Data excerpt:
*** Block opens ***

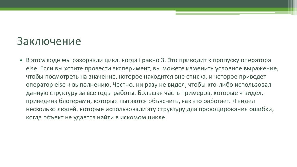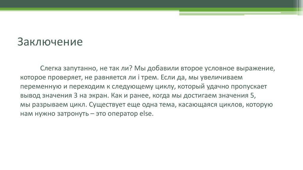 Заключение• В этом коде мы разорвали цикл, когда i равно 3. Это приводит к пропуску оператора
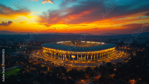 Aerial drone twilight sky photo of brand new soccer,football stadium of AEK Agia Sofia in public park of Filadelfia, Athens, Attica, Greece
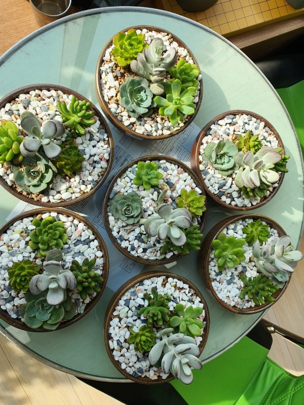 예전엔 다육이 한개를 작은 화분에 심어봤는데 이번엔 다육이 5개를 중간싸이즈 예쁜 항아리 화분에

*** Block closes ***

Repeat the listing above exactly, omitting the pictures it contains.

 Заключение• В этом коде мы разорвали цикл, когда i равно 3. Это приводит к пропуску оператора
 Aerial drone twilight sky photo of brand new soccer,football stadium of AEK Agia Sofia in public park of Filadelfia, Athens, Attica, Greece
 예전엔 다육이 한개를 작은 화분에 심어봤는데 이번엔 다육이 5개를 중간싸이즈 예쁜 항아리 화분에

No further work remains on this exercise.